Start of Block

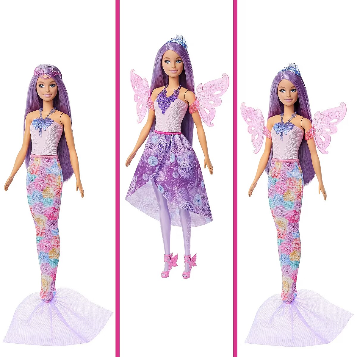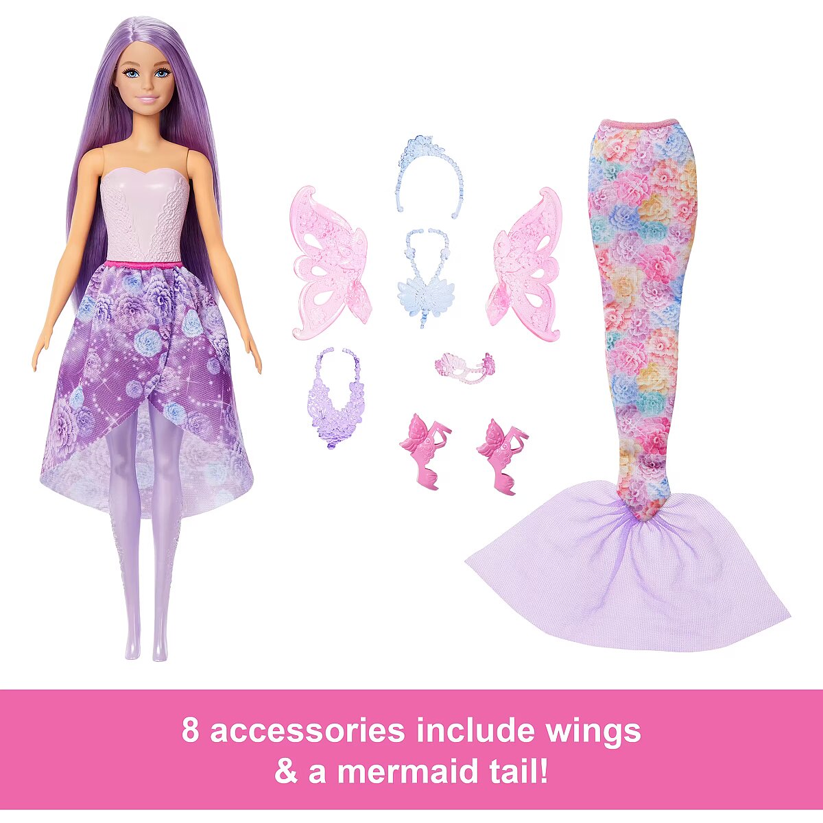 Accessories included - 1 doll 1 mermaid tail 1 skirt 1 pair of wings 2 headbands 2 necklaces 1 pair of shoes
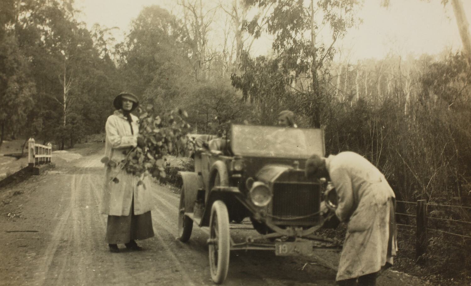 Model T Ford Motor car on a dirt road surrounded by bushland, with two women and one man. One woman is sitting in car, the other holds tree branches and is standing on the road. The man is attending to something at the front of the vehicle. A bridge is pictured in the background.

End of Block
Start of Block

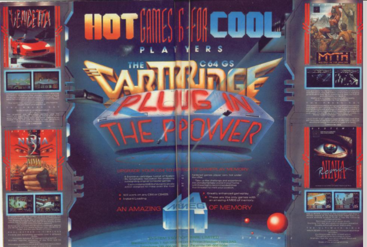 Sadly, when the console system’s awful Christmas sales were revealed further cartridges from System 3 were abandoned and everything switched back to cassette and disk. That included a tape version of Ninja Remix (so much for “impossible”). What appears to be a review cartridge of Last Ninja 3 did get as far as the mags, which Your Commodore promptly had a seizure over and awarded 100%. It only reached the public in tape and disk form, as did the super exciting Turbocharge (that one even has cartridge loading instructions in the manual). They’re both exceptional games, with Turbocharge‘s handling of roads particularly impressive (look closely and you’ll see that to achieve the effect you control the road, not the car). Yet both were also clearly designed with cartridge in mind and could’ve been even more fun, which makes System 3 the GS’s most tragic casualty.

End of Block
Start of Block

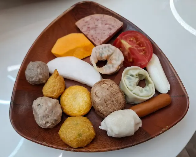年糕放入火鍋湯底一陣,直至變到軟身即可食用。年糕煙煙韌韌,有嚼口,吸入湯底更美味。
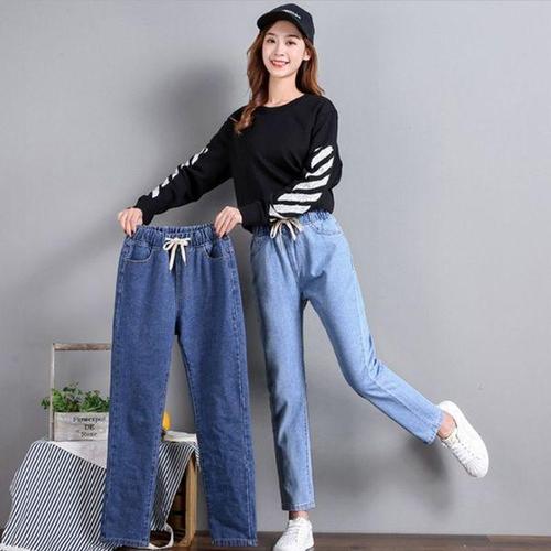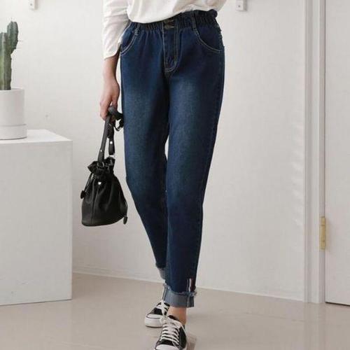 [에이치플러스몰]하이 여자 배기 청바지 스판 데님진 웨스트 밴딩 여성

End of Block

**DESCRIPTION OF THE TASK:** Copy nothing but the lines above that run from the one with "Accessories included - 1" to the one with "Model T Ford", ends included; pictures stay out.

**THE ANSWER:**
 Accessories included - 1 doll 1 mermaid tail 1 skirt 1 pair of wings 2 headbands 2 necklaces 1 pair of shoes
 Model T Ford Motor car on a dirt road surrounded by bushland, with two women and one man. One woman is sitting in car, the other holds tree branches and is standing on the road. The man is attending to something at the front of the vehicle. A bridge is pictured in the background.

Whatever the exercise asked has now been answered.